I've been using the Faust programming language a lot lately for experimenting with DSP, and I've been digging into their implementation of an Elliptic (Cauer) Lowpass filter. Here's an example of such a filter with order three.
If you're unfamiliar with Faust, hopefully the example there is still fairly clear: they've designed a 3rd order Cauer filter with the properties listed in the comments and have implemented it as a second order direct form filter feeding into a first order direct form filter with the coefficients as listed.
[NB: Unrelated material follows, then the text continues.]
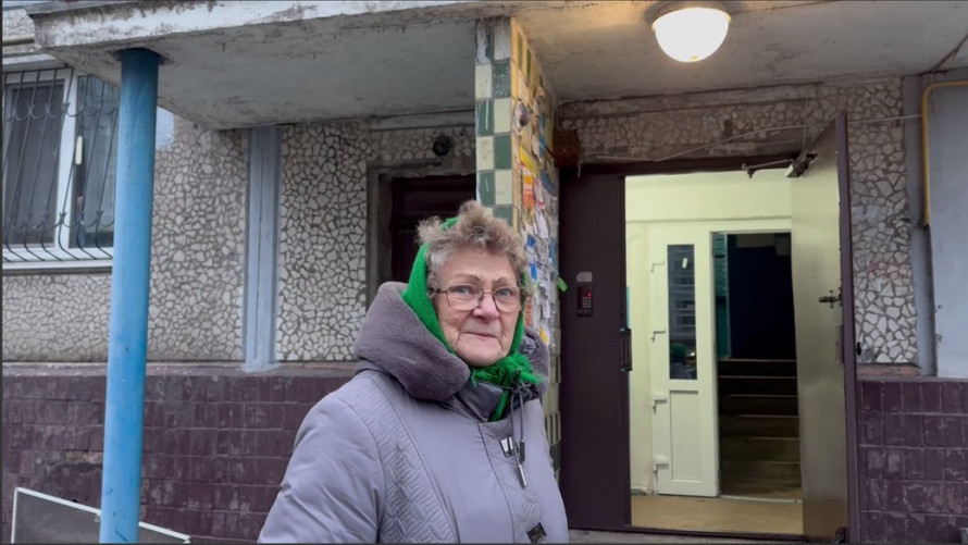 "Був свист, шалений грохіт — і все повилітало. Сусідка каже: "Біжи, тікай", встигла добігти лише до сьомого поверху. Був шалений грохіт, що ми там на сходах попадали. Перелякалася настільки, на стільки людина може перелякалися в 76 років. Чоловік кричить: "Заспокойся, заспокойся". На балконі жодного вікна нема і в залі жодного.

I understand the analog prototype they've designed with
[z,p,g] = ncauer(Rp,Rs,3); in Matlab/Octave, and I think I have a good understanding of how to factor the transfer function into cascaded first- and second-order filters. What I don't understand is their use of
poly in Octave to find the coefficients there, and why the frequency of this elliptic filter is only governed by the last coefficient in the final first order filter? Intuitively it seems like so many more of those coefficients should depend on the frequency of the filter, especially if we have to consider multiple sample rates. Did they skip some steps here or make some assumptions that I'm missing? Any explanation to my confusion here would be greatly appreciated, thank you!
Update: I find it interesting that in Matlab/Octave I can compute
[z,p,g] = ncauer(0.2,60,3); sos=zp2sos(z, p, g), deriving coefficients for second order sections without ever specifying the cutoff frequency. Maybe that's where I'm most confused?